Henshaw resurfaced multiple times, most notably as a member of The Sinestro Corps, where he served as a herald of The Anti-Monitor who promised to give the Cyborg a true and final death once his goals were achieved. Unfortunately for him, the Sinestro Corps were defeated, and although his body was destroyed his consciousness lived on yet again, cursed with seemingly eternal life.
Superman of Earth-22 (Clark Kent)
Created by Mark Waid & Alex Ross (Kingdom Come #1)
The Superman of Earth-22 retired after The Joker killed Lois Lane and his colleagues at The Daily Planet, and the villain was executed by the new anti-hero Magog.
In Superman’s absence, his world saw the rise of more and more anti-heroes such as Magog, and soon there was no distinction between heroes and villains. After Magog’s actions lead to his death, the death of his team, and the destruction of a large portion of Kansas, Superman was coaxed out of retirement by Wonder Woman and together they reformed the Justice League, forcing metahumans to abide by a strict code or face imprisonment.

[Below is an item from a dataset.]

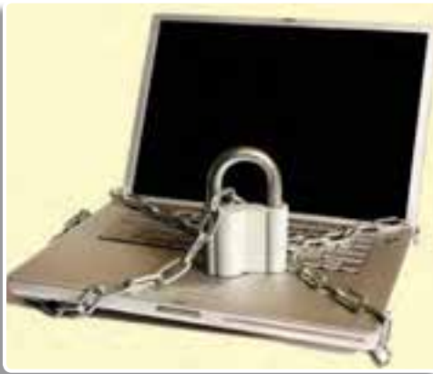
تصویر ۳-۵ - حفاظت از اطلاعات در مقابله با جنگ نرم یک اصل مهم است.

۱- جنگ نرم در پی تغییر هویت و شخصیت جامعه هدف است: در این جنگ، اعتقادات، باورها و ارزش‌های اساسی یک جامعه مورد هجوم قرار می‌گیرد. با تغییر باورهای اساسی جامعه، قالب‌های تفکر و اندیشه دگرگون می‌شود و مدل‌های رفتاری

This led to a conflict with Batman that ultimately resulted in a giant superhuman brawl, forcing the United Nations to drop nuclear weapons on the heroes. At the exact moment the bombs fell, Superman found himself inadvertently transported to Earth-1 thanks to the new Starman of the Justice Society of America.

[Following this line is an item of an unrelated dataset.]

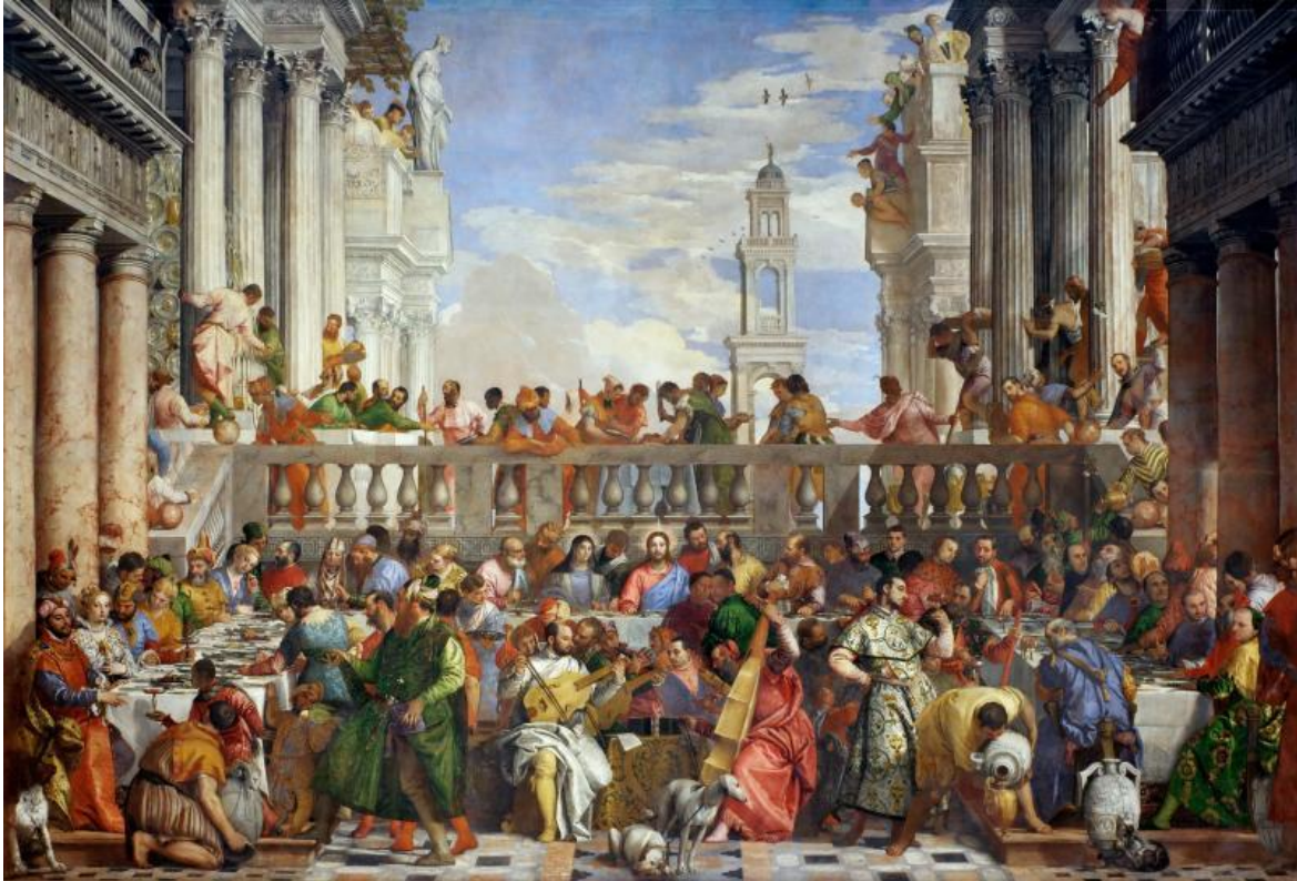
Nozze di Cana (1563) di Paolo Veronese.

dobbiamo tornare attraverso i cani. Per capire infatti quanto ci si sia allontanati da una rotta di navigazione equilibrata non possiamo procedere da soli. Facciamo fatica a comprenderci attraverso il nostro corpo. Abbiamo bisogno di una mediazione, che ci può essere fornita dall'immagine di un altro corpo. La pittura europea ha spesso scelto il cane per fornirci una traccia. Ed è quella che segue Tagliapietra.

Superman tried to find his place on this new Earth and slowly started to see that it was heading in a similar direction to his old Earth, due to the rise of the godlike Gog and his herald, Magog. Gog was ultimately defeated, and Superman was sent home by Starman, where he lived for over one thousand years, long enough to see his younger self fly through the skies as a member of the Legion of Super-Heroes.

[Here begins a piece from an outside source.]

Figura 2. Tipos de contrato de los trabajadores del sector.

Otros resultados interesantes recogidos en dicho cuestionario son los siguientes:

The Superman of the 853rd Century (Kal Kent)
Created by Grant Morrison & Val Semeiks (JLA #23)
Kal Kent is a distant descendant of Superman, and is the Superman of the year 85,270 AD, who journeyed back in time along with his team, Justice Legion A, to invite the JLA of 1998 to join them in the future for contests and games as part of a big celebration. While in the present day, he helped stop a prison riot and let slip that while it was the first meeting for Superman, they had actually already met from Kal’s perspective and battled the Chronovore.
Justice Legion A found themselves stranded in the present day after Solaris The Tyrant Sun launched an attack from across time. In the end, the Justice Legion had to create Solaris in order to defeat Solaris, and the traitorous Starman sacrificed his life in the effort.
At some point in the future, Kal Kent and the Superman Squad brought the original Superman back in time to see his father one last time before he died. They disguised themselves as farmhands and took the younger Superman’s place battling the Chronovore, stopping the beast from devouring three minutes of his life in which his father suffered a fatal heart attack.
Following this adventure, Kal Kent introduced Superman to the leader of the Superman Squad — actually Superman himself from Kal’s time period — who presented Superman with an indestructible flower from New Krypton to place at his father’s grave.